ERIC LINDELL, Revolution In Your Heart (CD)
Originally from San Mateo, California, Lindell soaked up blues in San Francisco and built up a following fronting his own blues band. He drifted to New York before meeting his wife-to-be, who wanted to get back to her family in New Orleans, relocating there in 1999. He released several records on his own Sparco label before debuting on Alligator with 2006’s Change in the Weather. Back in 2007, just after the release of Change in the Weather and before Low on Cash, Rich in Love came out, Lindell said he wasn’t big on guitar-slinging stuff, but wanted to hear harmonica and B3 and sax as well. But he’s slingin’ it pretty good on this outing, playing his Tele as well as a Gibson ES 335 12-string, and contributing B-3, bass, harp, acoustic guitar and synth. His only other accompanist is percussionist Willie McMains.
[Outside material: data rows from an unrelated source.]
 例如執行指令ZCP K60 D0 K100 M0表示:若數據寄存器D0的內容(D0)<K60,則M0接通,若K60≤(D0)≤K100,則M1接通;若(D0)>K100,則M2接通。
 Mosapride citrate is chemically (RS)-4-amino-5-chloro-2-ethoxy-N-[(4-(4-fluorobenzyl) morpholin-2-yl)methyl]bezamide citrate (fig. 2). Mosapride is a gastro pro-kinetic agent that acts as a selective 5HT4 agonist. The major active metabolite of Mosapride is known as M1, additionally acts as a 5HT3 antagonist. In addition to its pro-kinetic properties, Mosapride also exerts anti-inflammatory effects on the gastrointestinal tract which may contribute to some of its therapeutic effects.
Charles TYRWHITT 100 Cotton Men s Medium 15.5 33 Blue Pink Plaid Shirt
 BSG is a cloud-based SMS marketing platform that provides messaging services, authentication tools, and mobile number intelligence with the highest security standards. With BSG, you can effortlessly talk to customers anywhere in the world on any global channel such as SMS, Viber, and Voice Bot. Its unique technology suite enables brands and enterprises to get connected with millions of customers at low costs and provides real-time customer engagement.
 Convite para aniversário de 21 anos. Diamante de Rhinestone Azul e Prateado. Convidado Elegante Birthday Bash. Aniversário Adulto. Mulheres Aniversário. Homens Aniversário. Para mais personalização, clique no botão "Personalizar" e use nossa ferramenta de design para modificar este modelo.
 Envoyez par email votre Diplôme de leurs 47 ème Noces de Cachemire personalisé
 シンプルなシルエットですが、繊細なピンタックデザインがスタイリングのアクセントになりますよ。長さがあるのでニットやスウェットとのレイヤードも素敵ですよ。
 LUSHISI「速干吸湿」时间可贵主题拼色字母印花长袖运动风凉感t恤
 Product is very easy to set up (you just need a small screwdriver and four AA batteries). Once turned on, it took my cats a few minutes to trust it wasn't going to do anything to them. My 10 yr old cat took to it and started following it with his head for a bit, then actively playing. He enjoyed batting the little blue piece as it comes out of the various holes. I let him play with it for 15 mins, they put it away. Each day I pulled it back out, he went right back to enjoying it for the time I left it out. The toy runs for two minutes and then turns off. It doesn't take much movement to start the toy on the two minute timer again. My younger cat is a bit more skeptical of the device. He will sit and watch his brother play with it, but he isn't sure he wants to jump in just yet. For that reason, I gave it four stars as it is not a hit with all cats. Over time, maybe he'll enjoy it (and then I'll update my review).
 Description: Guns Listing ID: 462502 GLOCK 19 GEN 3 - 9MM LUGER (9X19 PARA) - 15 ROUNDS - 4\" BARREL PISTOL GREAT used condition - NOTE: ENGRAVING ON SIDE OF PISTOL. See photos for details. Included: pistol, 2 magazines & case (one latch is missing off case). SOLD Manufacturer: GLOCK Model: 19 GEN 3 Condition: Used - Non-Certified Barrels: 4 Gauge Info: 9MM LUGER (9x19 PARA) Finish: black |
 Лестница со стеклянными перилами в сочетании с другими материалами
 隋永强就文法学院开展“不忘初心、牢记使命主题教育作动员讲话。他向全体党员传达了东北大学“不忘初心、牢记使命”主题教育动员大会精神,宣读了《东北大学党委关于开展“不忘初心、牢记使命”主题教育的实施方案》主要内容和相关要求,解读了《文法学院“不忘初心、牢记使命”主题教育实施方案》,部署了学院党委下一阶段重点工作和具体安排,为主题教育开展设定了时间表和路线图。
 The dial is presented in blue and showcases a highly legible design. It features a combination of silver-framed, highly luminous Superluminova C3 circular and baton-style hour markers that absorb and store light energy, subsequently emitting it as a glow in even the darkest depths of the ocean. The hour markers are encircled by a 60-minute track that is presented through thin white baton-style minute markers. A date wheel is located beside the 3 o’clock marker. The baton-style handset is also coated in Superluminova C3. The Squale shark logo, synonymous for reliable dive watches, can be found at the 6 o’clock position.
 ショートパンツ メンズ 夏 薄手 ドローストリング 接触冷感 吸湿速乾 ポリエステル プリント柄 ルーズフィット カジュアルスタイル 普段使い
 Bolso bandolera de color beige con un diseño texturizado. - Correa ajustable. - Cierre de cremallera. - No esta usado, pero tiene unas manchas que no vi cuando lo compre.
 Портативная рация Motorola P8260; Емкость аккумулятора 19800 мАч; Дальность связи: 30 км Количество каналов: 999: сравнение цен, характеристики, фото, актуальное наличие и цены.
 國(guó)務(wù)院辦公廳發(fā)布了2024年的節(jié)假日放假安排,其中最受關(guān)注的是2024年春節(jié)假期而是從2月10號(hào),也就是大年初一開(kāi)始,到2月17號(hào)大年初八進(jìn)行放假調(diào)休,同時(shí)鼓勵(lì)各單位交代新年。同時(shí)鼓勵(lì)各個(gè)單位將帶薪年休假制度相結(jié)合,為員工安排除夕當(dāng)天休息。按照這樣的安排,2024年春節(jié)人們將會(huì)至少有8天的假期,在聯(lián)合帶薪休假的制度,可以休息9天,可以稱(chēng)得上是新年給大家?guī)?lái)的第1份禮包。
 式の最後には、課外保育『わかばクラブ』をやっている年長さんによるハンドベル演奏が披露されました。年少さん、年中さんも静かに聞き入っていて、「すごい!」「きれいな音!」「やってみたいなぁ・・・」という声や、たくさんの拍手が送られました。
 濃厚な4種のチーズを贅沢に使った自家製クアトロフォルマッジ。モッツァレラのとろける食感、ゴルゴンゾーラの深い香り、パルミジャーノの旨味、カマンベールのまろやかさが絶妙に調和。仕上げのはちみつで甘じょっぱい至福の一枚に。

Lindell lays out some sound advice on the title cut, trying to live up to what his grandpa taught him: not to speak ill of others. “I may fall short sometime,” Lindell confesses, “But I know I got to do my part / start a revolution in your heart.” Lindell’s style is laid back, but his laconic delivery gets his point across, easing it in and poking it around till it gets your attention. “Heavy Heart” sounds like Tyrone Davis’ late ’70s mellow soul on “Turn Back Hands of Time” and “Turning Point,” but there’s an added attraction with the second line undercurrent stuttering along underneath. His guitar adds another dimension, tossing in electric country blues breaks that somehow mesh smoothly with his weathered soul vocals. He’s most country on “Appaloosa,” a strange mix of Waylon Jennings-style guitar leading a second line trail ride on a moonlight jaunt to Bogalusa see his beloved once again.“Millie Kaye” brings in longtime McClinton keyboardist Kevin McKendree to play piano flourishes on the King Johnson-sounding twangfest. Lindell’s soulful strut can be found at the crossroads where Louisiana, Mississippi, Texas, and Chicago collide for a devilish run through the countryside that’ll leave you breathless, but still hot to to trot.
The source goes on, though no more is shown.